- [Exercise data]:
________________________________________
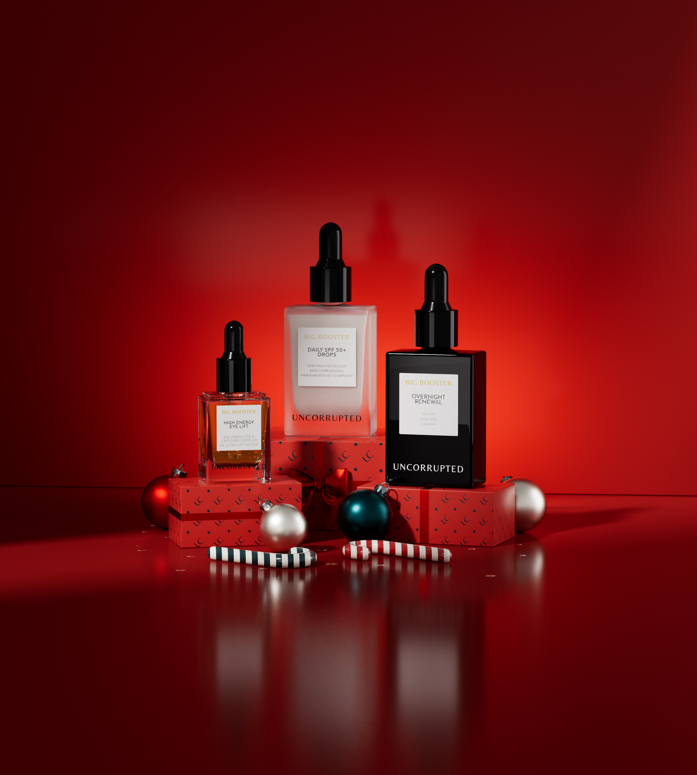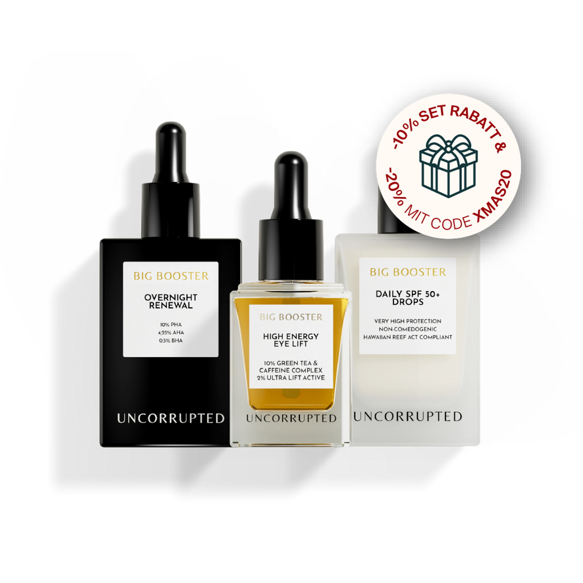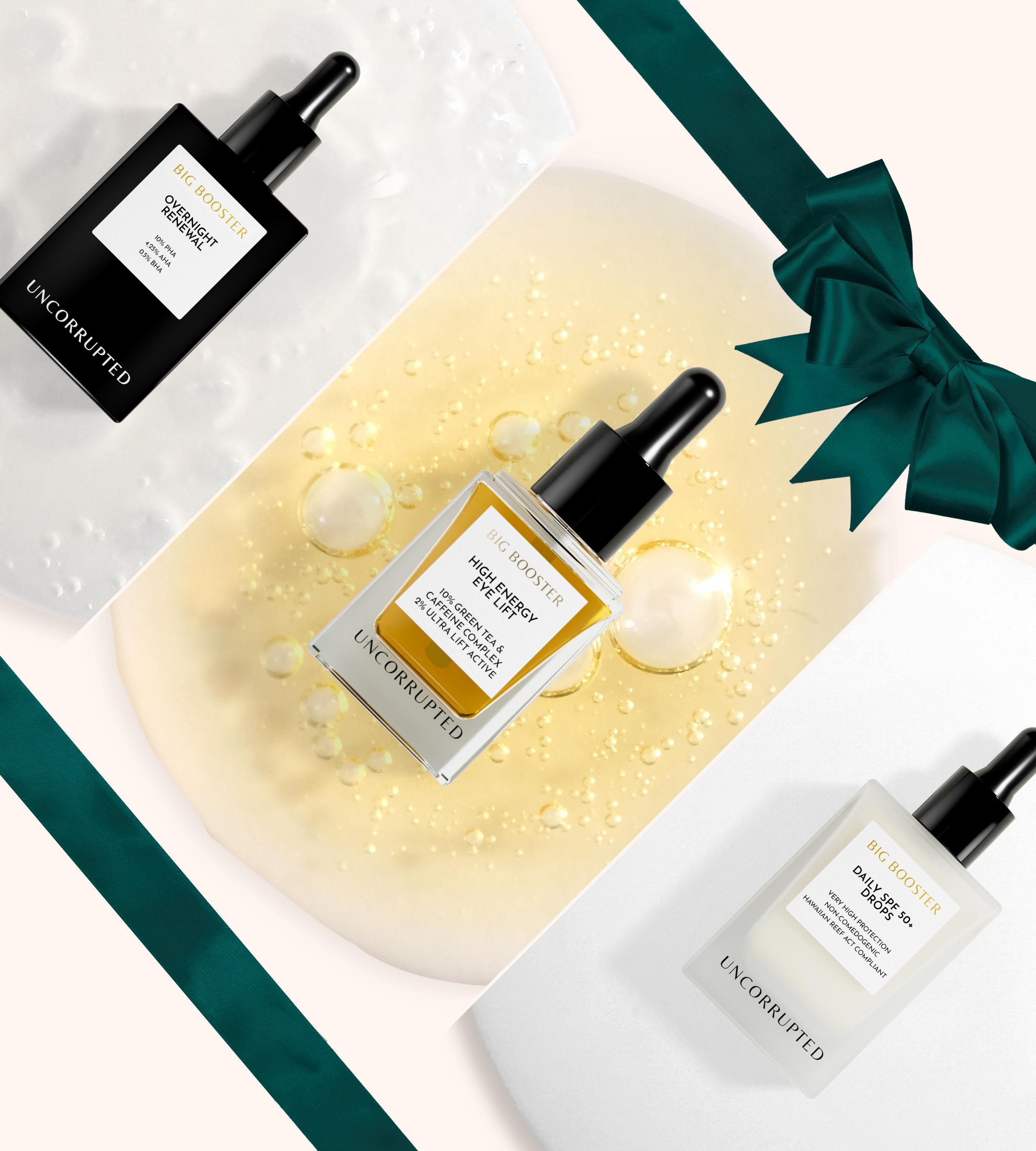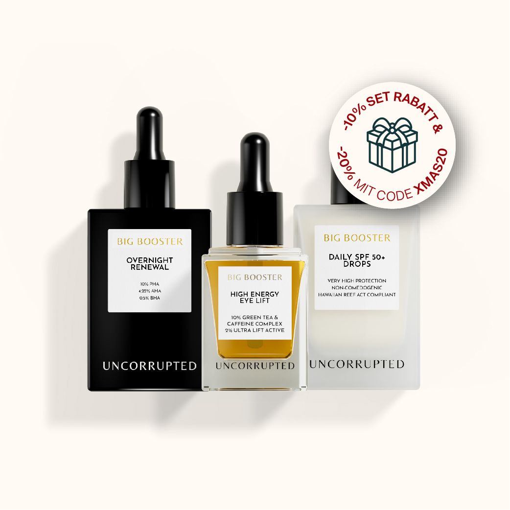 Beschenke jetzt dich selbst oder deine Liebsten mit unseren absoluten Booster-Bestsellern im exklusiven Weihnachts-Set! Set bestehend aus: ✓ Sanftes Peeling mit 10% PHA, 4,25% AHA, 0,5% BHA, 30ml ✓ Leistungsstarke Wirkstoff-Booster-Drops für die Augenpartie mit 10% Grüntee-Koffein-Komplex, 15ml ✓ Ultraleichte Multi-use SPF50+ Drops für einzelne Anwendung oder kombiniert mit Lieblings-Pflege & Make-up, 30ml
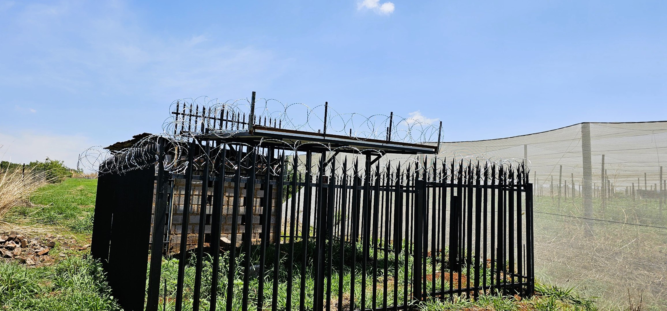 • Secure working zone with diamond mesh fencing and razor wire, enclosing the tunnels, barn, and ablutions for added protection of valuable crops and infrastructure
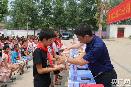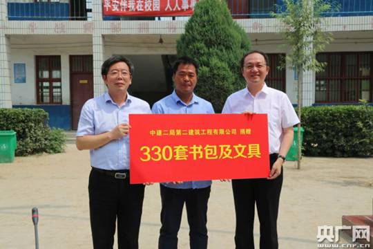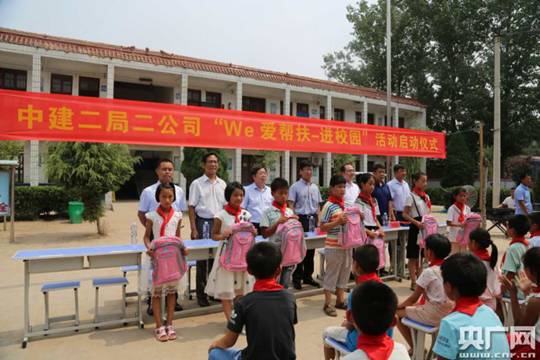 一場(chǎng)由中建二局第二建筑工程有限公司(下面簡(jiǎn)稱(chēng)中建二局二公司)與蘭考縣教體局聯(lián)合開(kāi)展的“we愛(ài)幫扶—進(jìn)校園”活動(dòng)啟動(dòng)儀式在十點(diǎn)整在此拉開(kāi)序幕。中建二局二公司的員工們親自將2000冊(cè)課外讀物、100套課桌椅、300多個(gè)書(shū)包文具送到了孩子們的手中,并幫助他們安裝好乒乓球桌,耐心指導(dǎo)糾正孩子們的橫直拍握法,企業(yè)負(fù)責(zé)人鄭重接過(guò)由公司會(huì)同當(dāng)?shù)卣畬?shí)地走訪調(diào)查最終確定的貧困生“一對(duì)一”幫扶名單,并裝進(jìn)特別準(zhǔn)備的檔案袋,并現(xiàn)場(chǎng)封存好。
________________________________________
- [Aim of the exercise]: No picture belongs in the copy; return the rest of the listing exactly.

- [Exercise answer]:
 Beschenke jetzt dich selbst oder deine Liebsten mit unseren absoluten Booster-Bestsellern im exklusiven Weihnachts-Set! Set bestehend aus: ✓ Sanftes Peeling mit 10% PHA, 4,25% AHA, 0,5% BHA, 30ml ✓ Leistungsstarke Wirkstoff-Booster-Drops für die Augenpartie mit 10% Grüntee-Koffein-Komplex, 15ml ✓ Ultraleichte Multi-use SPF50+ Drops für einzelne Anwendung oder kombiniert mit Lieblings-Pflege & Make-up, 30ml
 • Secure working zone with diamond mesh fencing and razor wire, enclosing the tunnels, barn, and ablutions for added protection of valuable crops and infrastructure
 一場(chǎng)由中建二局第二建筑工程有限公司(下面簡(jiǎn)稱(chēng)中建二局二公司)與蘭考縣教體局聯(lián)合開(kāi)展的“we愛(ài)幫扶—進(jìn)校園”活動(dòng)啟動(dòng)儀式在十點(diǎn)整在此拉開(kāi)序幕。中建二局二公司的員工們親自將2000冊(cè)課外讀物、100套課桌椅、300多個(gè)書(shū)包文具送到了孩子們的手中,并幫助他們安裝好乒乓球桌,耐心指導(dǎo)糾正孩子們的橫直拍握法,企業(yè)負(fù)責(zé)人鄭重接過(guò)由公司會(huì)同當(dāng)?shù)卣畬?shí)地走訪調(diào)查最終確定的貧困生“一對(duì)一”幫扶名單,并裝進(jìn)特別準(zhǔn)備的檔案袋,并現(xiàn)場(chǎng)封存好。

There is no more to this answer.